Journal of Korean Neurosurgical Society 2021년 64권 1호 p.110 ~ 119
고학철, 이승환, 신희섭, 고준석,
소속 상세정보
고학철 ( Ko Hak-Cheol ) - Kyung Hee University College of Medicine Kyung Hee University Hospital at Gangdong Stroke and Neurological Disorders Centre
이승환 ( Lee Seung-Hwan ) - Kyung Hee University College of Medicine Kyung Hee University Hospital at Gangdong Stroke and Neurological Disorders Centre
신희섭 ( Shin Hee-Sup ) - Kyung Hee University College of Medicine Kyung Hee University Hospital at Gangdong Stroke and Neurological Disorders Centre
고준석 ( Koh Jun-Seok ) - Kyung Hee University College of Medicine Kyung Hee University Hospital at Gangdong Stroke and Neurological Disorders Centre

Abstract


Objective: Preoperative prediction of the arachnoid membrane descent in pituitary surgery is useful for achieving gross total removal and avoiding cerebrospinal fluid leakage resulting from tearing of the arachnoid membrane in the chiasmatic cistern.

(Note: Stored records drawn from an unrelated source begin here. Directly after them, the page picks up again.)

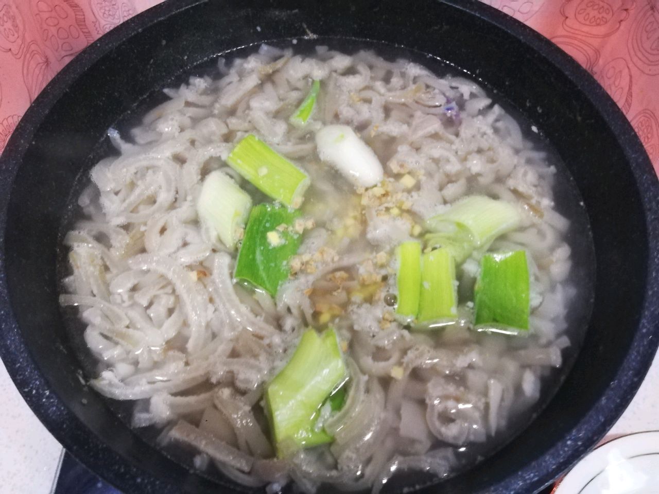 步骤3、切好的猪皮下锅加水没过猪皮即可,加入姜末葱段开煮。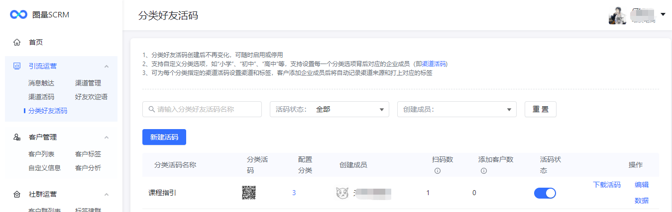 - 渠道活码:需提前创建好,可点击下拉菜单选择已有活码。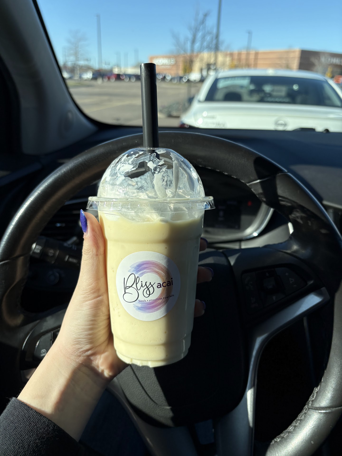 Read moreI’m always a fan of smoothies and smoothie bowls so I have been looking forward to trying bliss Acai!! I was the only one there when ordering so I got to take a look at the menu and figure out what I wanted. I ended up getting the paradise bowl: passion fruit, coconut, and pineapple mango base with bananas, blueberries and strawberry toppings. While working on my bowl I was talking to Emily. She was super friendly and we had a great conversation!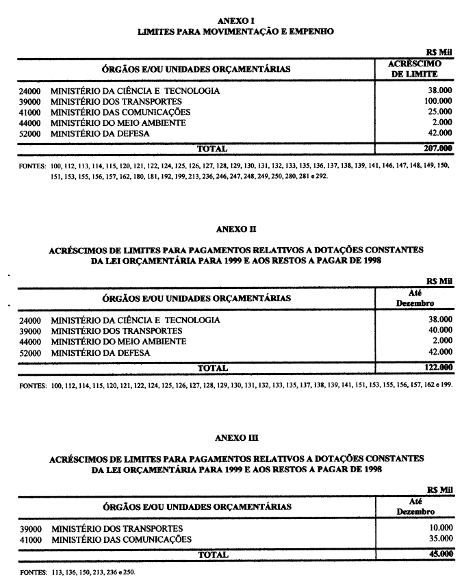 "Art. 3º O pagamento de despesas no exercício de 1999, inclusive os "restos a pagar" do exercício de 1998, relativos às despesas de que trata o art. 1 o, fica limitado a R$ 35.844.232.000,00 (trinta e cinco bilhões, oitocentos e quarenta e quatro milhões, duzentos e trinta e dois mil reais), obedecida a distribuição constante dos Anexos II, III e IV deste Decreto.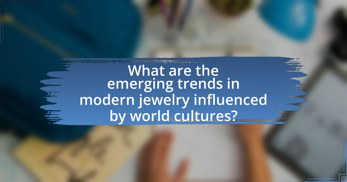 Emerging trends in modern jewelry influenced by world cultures include the incorporation of sustainable materials, the use of traditional craftsmanship techniques, and the blending of cultural motifs. Sustainable materials, such as recycled metals and ethically sourced gemstones, reflect a growing awareness of environmental impact, as seen in brands like Brilliant Earth, which emphasizes eco-friendly practices. Traditional craftsmanship techniques, such as hand-hammering and intricate beadwork, are being revived, showcasing the artistry of cultures like Indian and African artisans. Additionally, the blending of cultural motifs, such as combining Native American designs with contemporary aesthetics, highlights a global exchange of ideas, as evidenced by collaborations between designers from different backgrounds. These trends illustrate a fusion of heritage and modernity, creating unique pieces that resonate with diverse audiences.
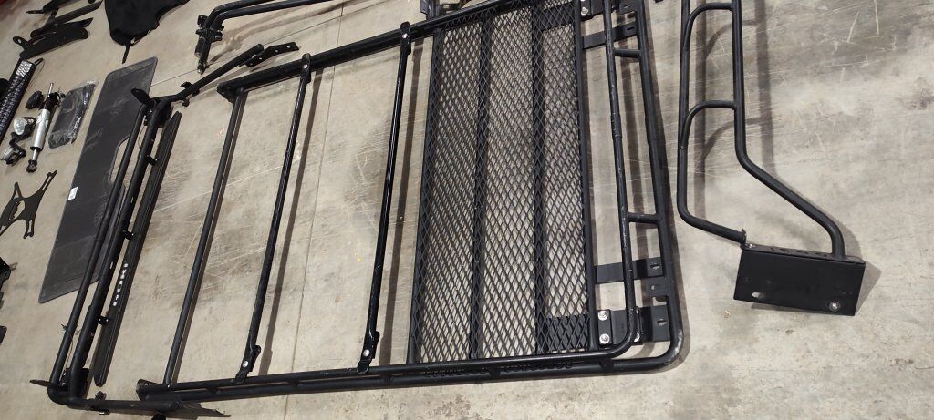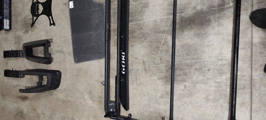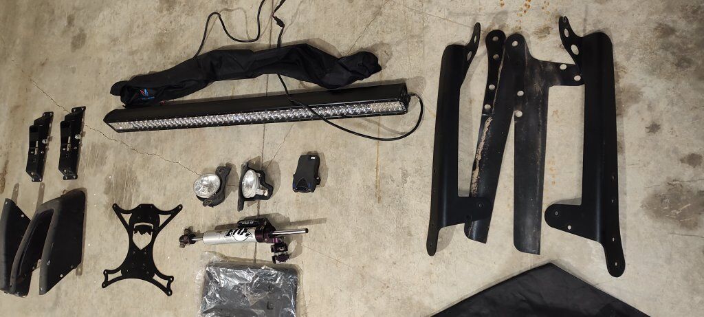 2015 jeep jku Wrangler accessories, factory soft top, spider shade, rain cover, 50" rigid light bar, arb compressor under seat mount, bumper extension, cargo net, factory fog lights, brake controller, Gobi rack with ladders, light bar deflector and two cross bars, fox steering stabilizer, two door steps, front license plate holder.make me an offer on anything you see. thanks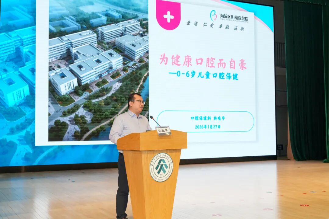 海淀区妇幼保健院口腔科主任林晓华主任医师以《0–6岁儿童口腔保健》为主题,从托育阶段常见问题入手,介绍儿童口腔健康的早期预防与日常管理策略,帮助教师在照护过程中提升健康风险识别与科学干预能力。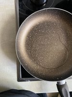 Сковородка пришла немного погнутая, но возвращать уже не было времени, поправили рукой (материал как тонкий алюминий). Легкая, тонкая, и кажется, чтЕщёСковородка пришла немного погнутая, но возвращать уже не было времени, поправили рукой (материал как тонкий алюминий). Легкая, тонкая, и кажется, что дно тоже не очень плотно прилегает к конфорке. В быту посмотрим↑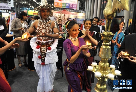 3月2日,來自斯里蘭卡的演員在美國紐約國際旅游展上用歌舞推介本國旅游。當天,紐約國際旅游展在紐約市曼哈頓正式開展。一年一度的紐約國際旅游展每年吸引數萬名國內外游客和業內人員前往,在美國經濟面臨復蘇的前景下格外受到關注。(來源:新華網)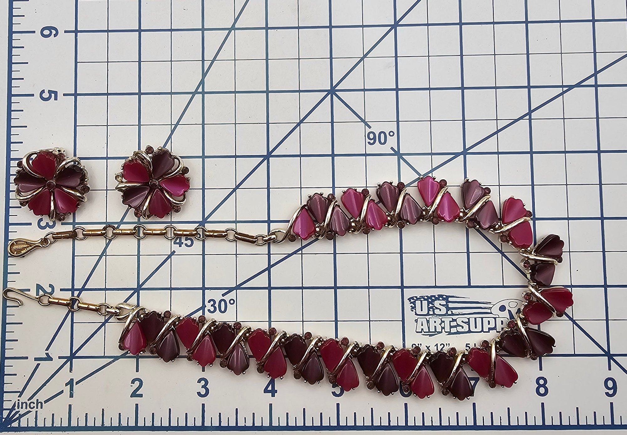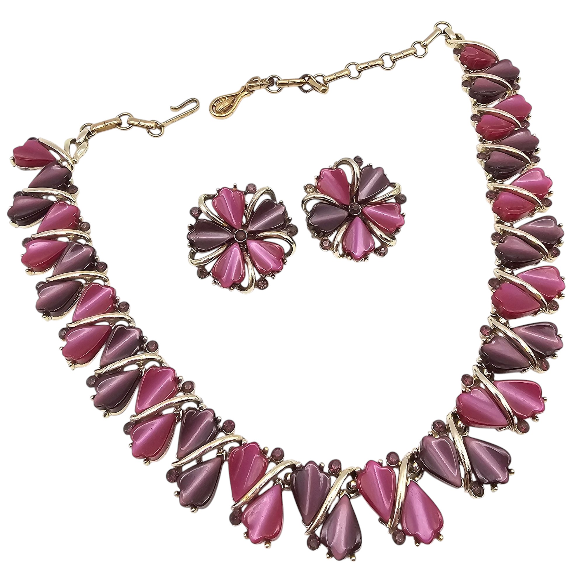 Coro Vintage Fuchsia Plum Thermoset/Lucite Gold Tone Floral Necklace Earrings Set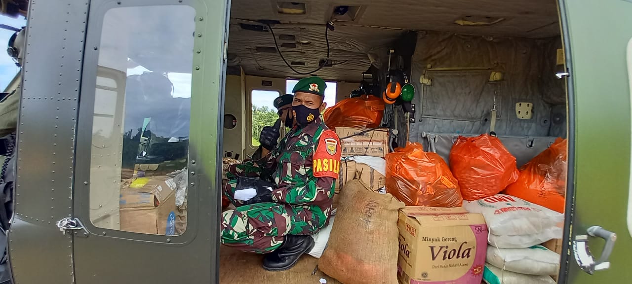 SENANING. Salah satu Pengiriman Bekal dalam satgas Pamtas RI-MALAYSIA dengan menggunakan Helicopter di desa Senaning Kecamatan Ketungau Hulu Kabupaten Sintang Kalimantan Barat. minggu (13/06/2021)

In this study, we analyzed the patterns of arachnoid membrane descent during or after pituitary tumor surgery and identified the factors related to this descent.

Methods: Analysis was restricted to pituitary macroadenomas not extending into the third ventricle or over the internal carotid artery. To minimize confounding factors, patients who underwent revision surgery, those who had a torn arachnoid during operation or small medial diaphragma sellae (DS) opening, and subtotal resections were excluded. We enrolled 41 consecutive patients in this retrospective analysis. The degree of arachnoid descent was categorized using intraoperative videos. Preoperative magnetic resonance findings, including tumor height, suprasellar extension, and variables including DS area and medial opening size, tumor composition, and displacement of the pituitary stalk and gland were evaluated to determine their correlations with arachnoid membrane descent.

Results: Arachnoid membrane descent was significantly correlated with DS area and medial opening size. Based on T2-weighted images (T2WI) magnetic resonance (MR) images, tumor composition was significantly associated with arachnoid membrane descent. Other factors were not significantly correlated with arachnoid membrane descent.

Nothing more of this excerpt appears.